Маленький и весь мокрый рыжий щенок, дрожа всем своим тщедушным тельцем, сидел посреди тротуара, прислонясь к холодной крашеной стене магазина дамских мод, сверкающего белыми и желтыми огнями рекламы.
Беспомощное существо, совсем никому не нужное в этом большом городе, изредка издавало даже не лай, а какой-то слабенький, едва уловимый ухом писк, судорожно разевая свой мелкозубый ротик и затравленно озираясь черными угольками глазенок по сторонам. Редкие прохожие, занятые своими мыслями и делами, порой брезгливо морщась, аккуратно обходили его.
Вот какой-то бюргер, пыхтя гаванской сигарой, громадный и мрачный, как и весь этот город, злобно пнул его тростью, отбросив с пути и, криво сморщив толстые свои губы, надменно прошествовал дальше.
Владимир невольно остановился и отчего-то задержал задумчивый взгляд на собаке.

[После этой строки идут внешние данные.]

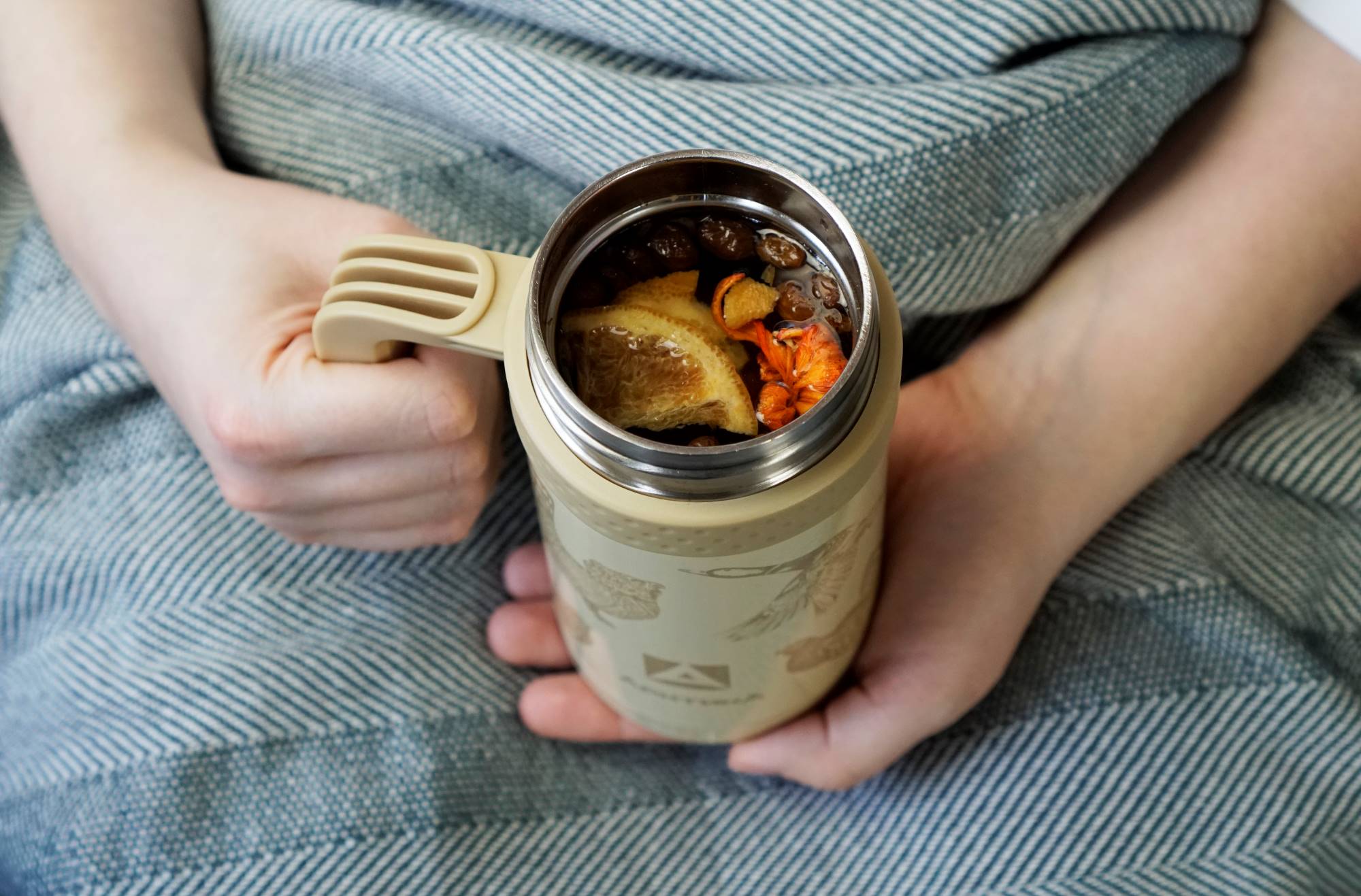 Для облегчения дыхания заварите листья мяты, мелиссы, шалфея или эвкалипта – их мятный аромат дополнит как чай, так и настой из ягод. Преимущество термоса заключается в том, что напиток настаивается, не остывая и сохраняя комфортную для питья температуру.

Что-то глубокое, но позабытое вдруг шевельнулось в его душе.
Давно угнетавшее его, его русскую ранимую душу и все его такие же серые будни, исподволь висевшее над ним все годы его скитаний по европейским странам постоянное осознание того, что и он сам, Владимир Крестинский, полковник русской армии, и весь его мир и вся его жизнь – так же как и этот мокрый, жалкий и голодный щенок, в общем-то совершенно никому не нужен и в этом темном потоке спешащих куда-то прохожих, и во всем этом городе, да и во всем белом свете – это чувство вдруг при виде другого такого же одиночества налетело, одолело, завлекло его и понесло, понесло как унылая осенняя грусть несет, торопит оторвавшийся желтый и сухой лист по мокрой мостовой.
Волею роковых обстоятельств оказавшийся и там, в такой далекой и теперь навсегда потерянной для него России, и здесь, в такой холодной, чужой стране – Германии – вне закона, он уже давно смирился и со своим нищенским, полуголодным существованием, и со всеми своими жизненными потерями и утратами, и с тем состоянием каждодневного, каждоминутного, тяжко давящего на грудь и сосущего душу неведения ни о судьбе Ольги, а, может быть, и его ребенка, ни о Татьяне, ни о судьбе Олеши, ни о судьбе Романовского, и многих-многих тех, таких близких, таких любимых им людей, с которыми сводила его неспокойная жизнь и его военная судьба.